Provided material -
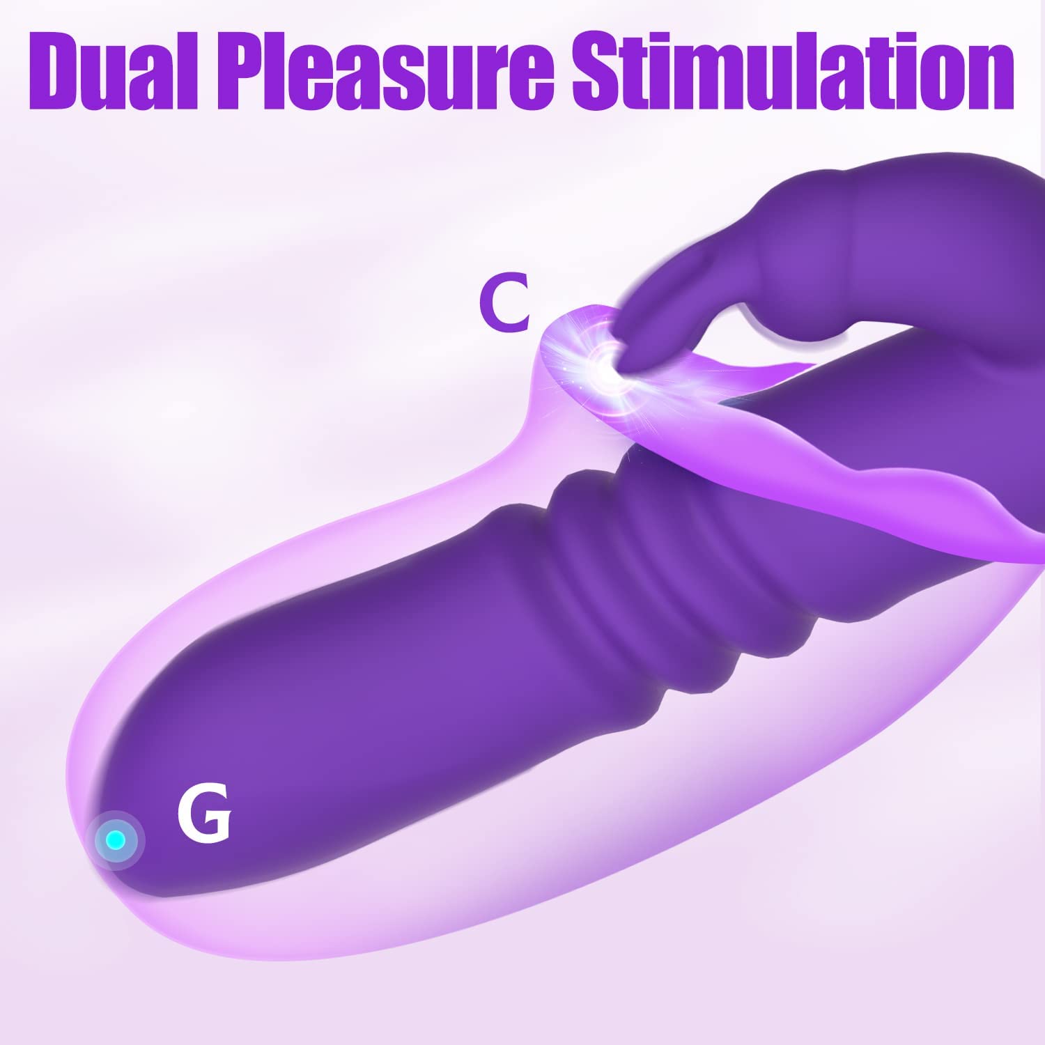 Thrusting Rabbit Vibrator Sex Toys for Women, 9.8" G-spot Vibrator with 3 Thrust & 7 Vibration Modes, Waterproof Clitoral Stimulator with Bunny Ears, Rotating Dildo Vibrator for Men, Women & Couple
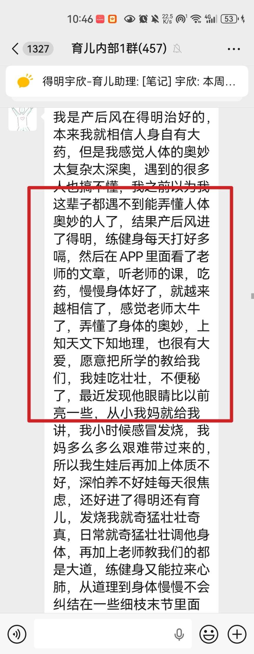 我是产后风在得明治好的,本来我就相信人身自有大药,但是我感觉人体的奥妙太复杂太深奥,遇到的很多人也搞不懂,我之前以为我这辈子都遇不到能弄懂人体奥妙的人了,结果产后风进了得明,练健身每天打好多嗝,然后在APP里面看了老师的文章,听老师的课,吃药,慢慢身体好了,就越来越相信了,感觉老师太牛了,弄懂了身体的奥妙,上知天文下知地理,也很有大爱,愿意把所学的教给我们,我娃吃壮壮,不便秘了,最近发现他眼睛比以前亮一些,从小我妈就给我讲,我小时候感冒发烧,我妈多么多么艰难带过来的,所以我生娃后再加上体质不好,深怕养不好娃每天很焦虑,还好进了得明还有育儿,发烧我就奇猛壮壮奇真,日常就奇猛壮壮调他身体,再加上老师教我们的都是大道,练健身又能拉来心肺,从道理到身体慢慢不会纠结在一些细枝末节里面了。
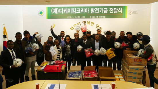 [대학저널 유제민 기자] (재)디케이킴코리아(D.K.KIM Korea Foundation)가 아프리카 지원 캠페인 모금액으로 구입한 기증물품과 재단 기탁금을 대구대학교(총장 홍덕률)에 전달했다. 디케이킴코리아는 해외 저개발국가 지원재단이다.
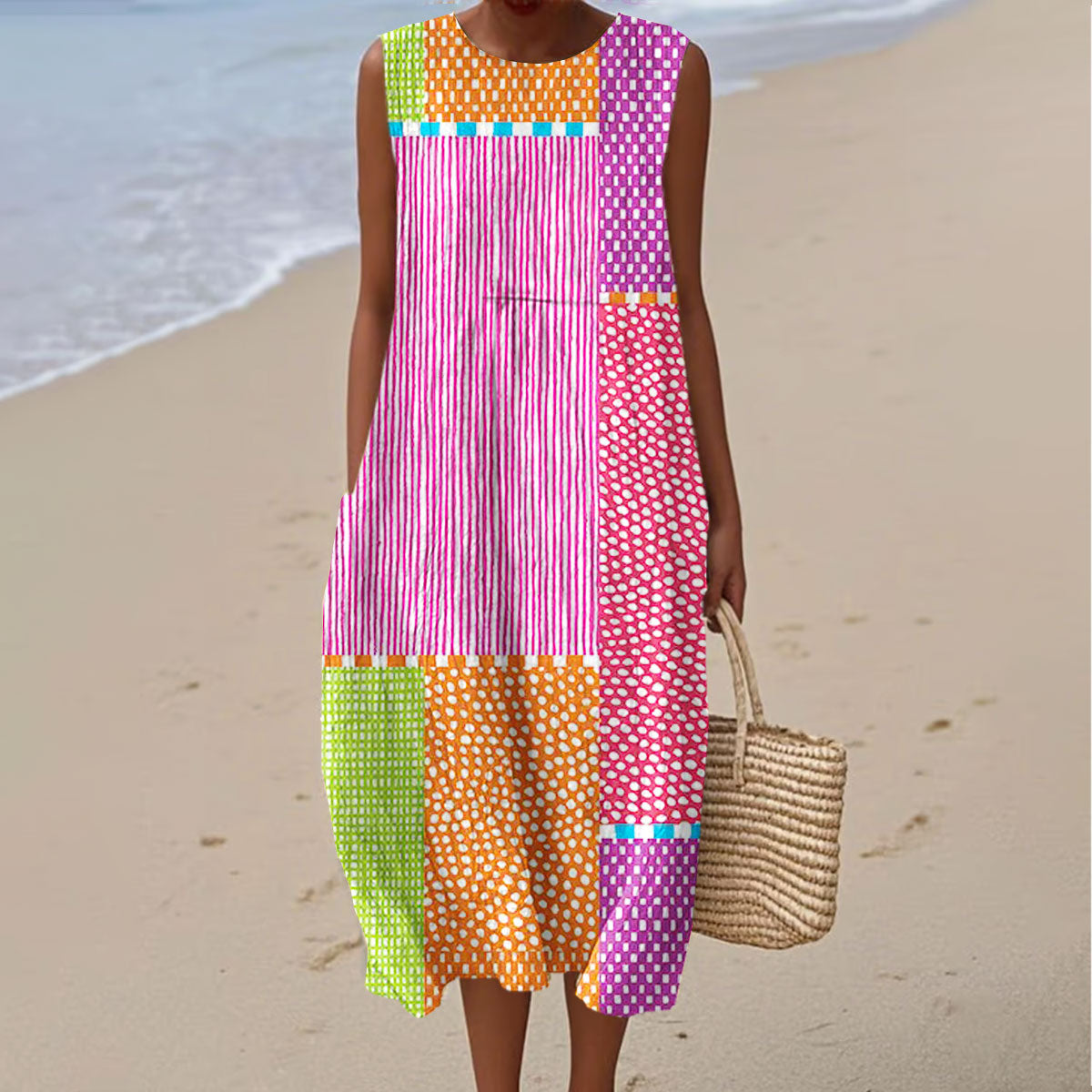 Women's Vintage Abstract Geometric Lines Art Print Sleeveless Cotton Pocket Wrap Dress

Task to complete -
Restate the whole listing above exactly, please, omitting every image.

Task answer -
 Thrusting Rabbit Vibrator Sex Toys for Women, 9.8" G-spot Vibrator with 3 Thrust & 7 Vibration Modes, Waterproof Clitoral Stimulator with Bunny Ears, Rotating Dildo Vibrator for Men, Women & Couple
 我是产后风在得明治好的,本来我就相信人身自有大药,但是我感觉人体的奥妙太复杂太深奥,遇到的很多人也搞不懂,我之前以为我这辈子都遇不到能弄懂人体奥妙的人了,结果产后风进了得明,练健身每天打好多嗝,然后在APP里面看了老师的文章,听老师的课,吃药,慢慢身体好了,就越来越相信了,感觉老师太牛了,弄懂了身体的奥妙,上知天文下知地理,也很有大爱,愿意把所学的教给我们,我娃吃壮壮,不便秘了,最近发现他眼睛比以前亮一些,从小我妈就给我讲,我小时候感冒发烧,我妈多么多么艰难带过来的,所以我生娃后再加上体质不好,深怕养不好娃每天很焦虑,还好进了得明还有育儿,发烧我就奇猛壮壮奇真,日常就奇猛壮壮调他身体,再加上老师教我们的都是大道,练健身又能拉来心肺,从道理到身体慢慢不会纠结在一些细枝末节里面了。
 [대학저널 유제민 기자] (재)디케이킴코리아(D.K.KIM Korea Foundation)가 아프리카 지원 캠페인 모금액으로 구입한 기증물품과 재단 기탁금을 대구대학교(총장 홍덕률)에 전달했다. 디케이킴코리아는 해외 저개발국가 지원재단이다.
 Women's Vintage Abstract Geometric Lines Art Print Sleeveless Cotton Pocket Wrap Dress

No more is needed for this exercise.